◆ **Task objective**
Return the records exactly as they stand, and keep the pictures out of the copy.

◆ **Information shown**
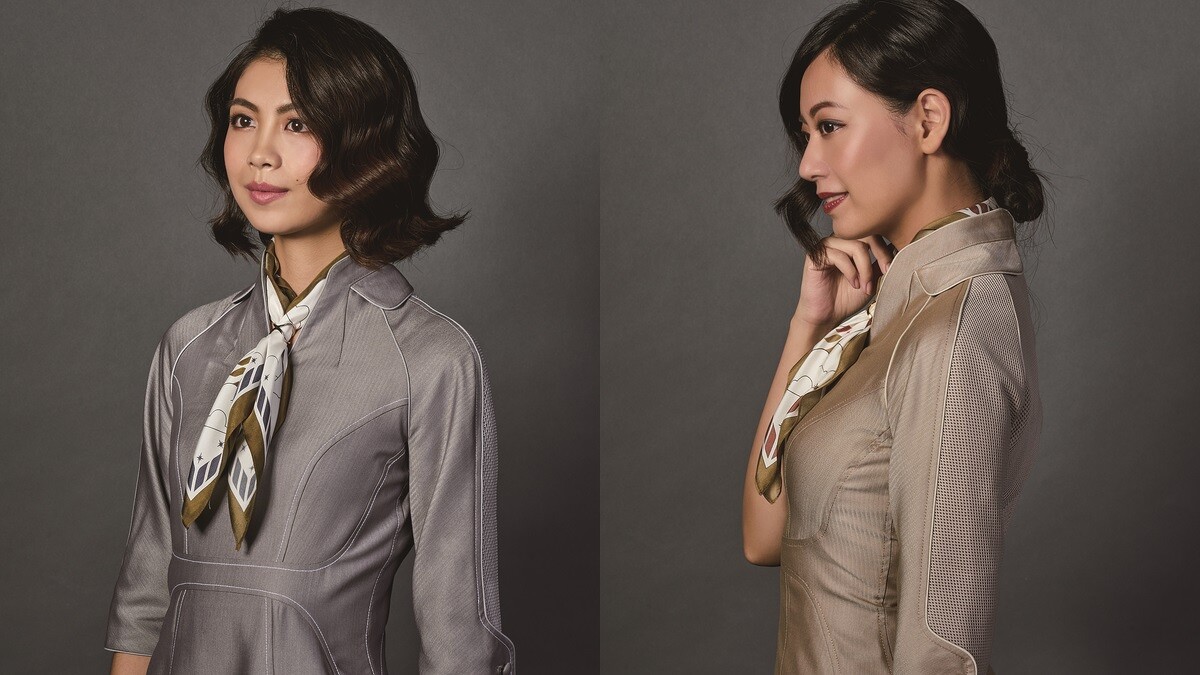 女性空服員、座艙長制服用顏色區分職級,呼應客艙的大地色系,金銀色洋裝呈現未來科技感,在背部及袖子更有透氣網布拼接設計,強化舒適及功能性。七分袖則能看到以飛機稜線的靈感設計,配上微立領、絲巾,流露婉約氣質。冬天時還會換上古斗篷式大衣,變身復古巴黎名伶。
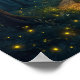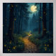 Moonlit Forest Path with Fireflies Poster
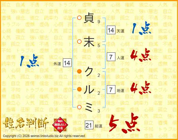 貞末クルミさんの総運は21画の5点!
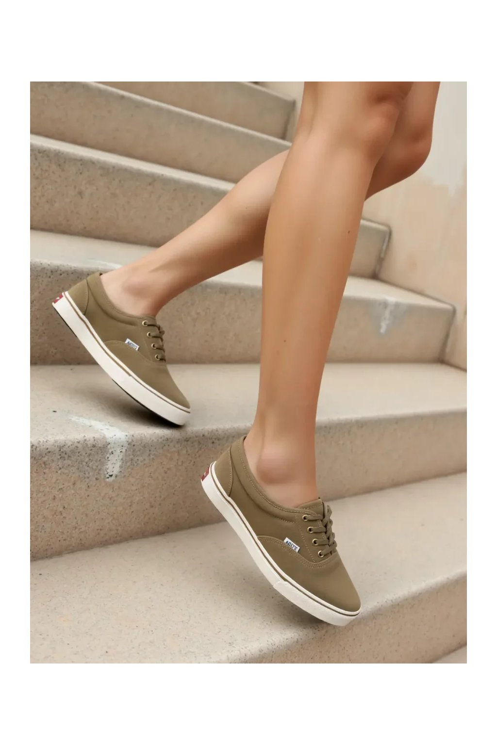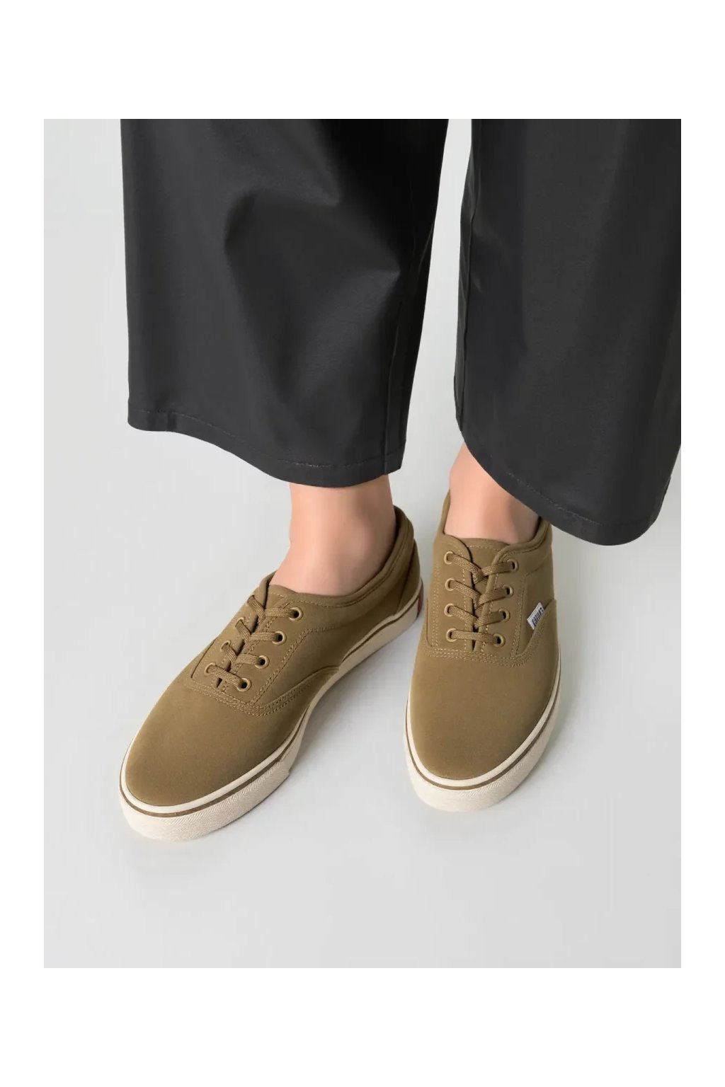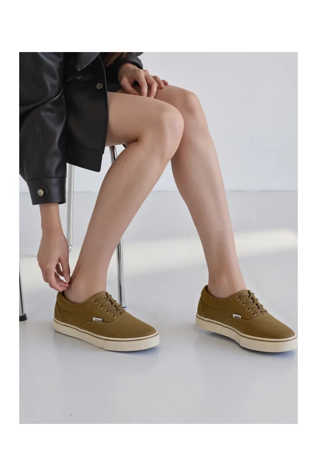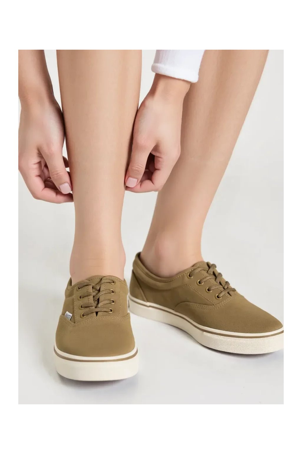 Béžové dámske tenisky z eko semišu na šnúrovanie, AW0223-77
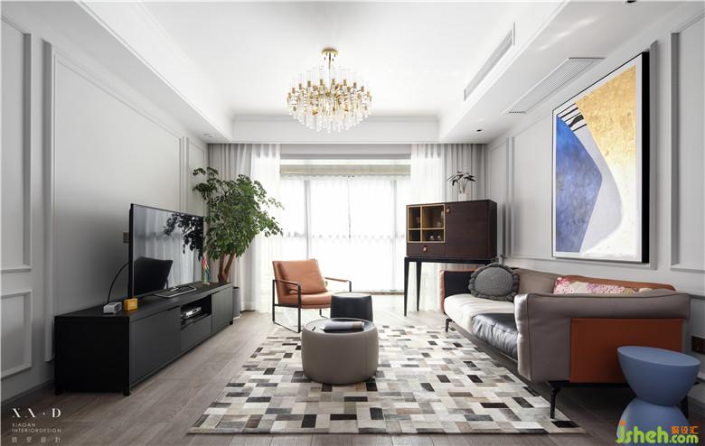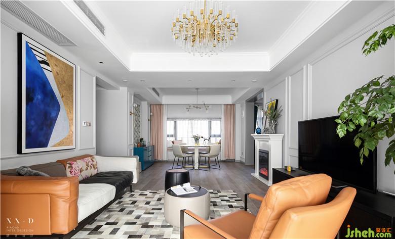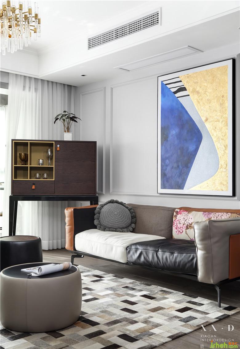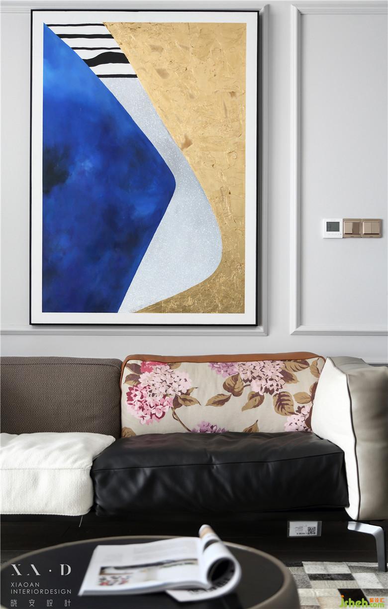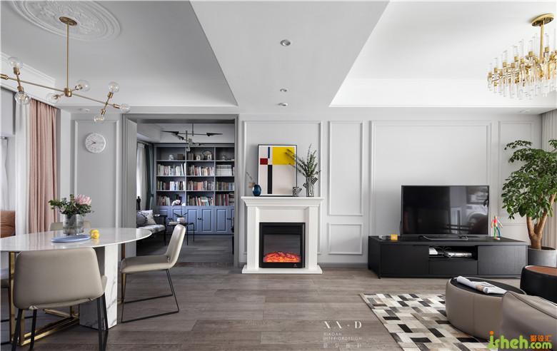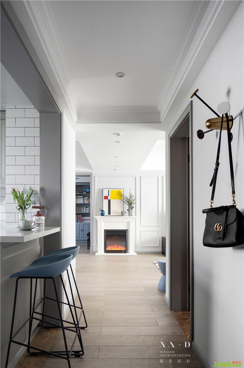 因?yàn)榘研P(guān)端景的墻體拆除,從風(fēng)水學(xué)角度來(lái)說(shuō)需要有一個(gè)端景作為一個(gè)入戶(hù)的玄關(guān),室內(nèi)設(shè)計(jì)師把原有的過(guò)道端口封掉,保證了電視背景墻整體性。玄關(guān)端景處安置的裝飾性壁爐,配上定制的裝飾畫(huà),一進(jìn)門(mén)就會(huì)有一種視覺(jué)的沖擊力。

◆ **Solution to the exercise**
 女性空服員、座艙長制服用顏色區分職級,呼應客艙的大地色系,金銀色洋裝呈現未來科技感,在背部及袖子更有透氣網布拼接設計,強化舒適及功能性。七分袖則能看到以飛機稜線的靈感設計,配上微立領、絲巾,流露婉約氣質。冬天時還會換上古斗篷式大衣,變身復古巴黎名伶。
 Moonlit Forest Path with Fireflies Poster
 貞末クルミさんの総運は21画の5点!
 Béžové dámske tenisky z eko semišu na šnúrovanie, AW0223-77
 因?yàn)榘研P(guān)端景的墻體拆除,從風(fēng)水學(xué)角度來(lái)說(shuō)需要有一個(gè)端景作為一個(gè)入戶(hù)的玄關(guān),室內(nèi)設(shè)計(jì)師把原有的過(guò)道端口封掉,保證了電視背景墻整體性。玄關(guān)端景處安置的裝飾性壁爐,配上定制的裝飾畫(huà),一進(jìn)門(mén)就會(huì)有一種視覺(jué)的沖擊力。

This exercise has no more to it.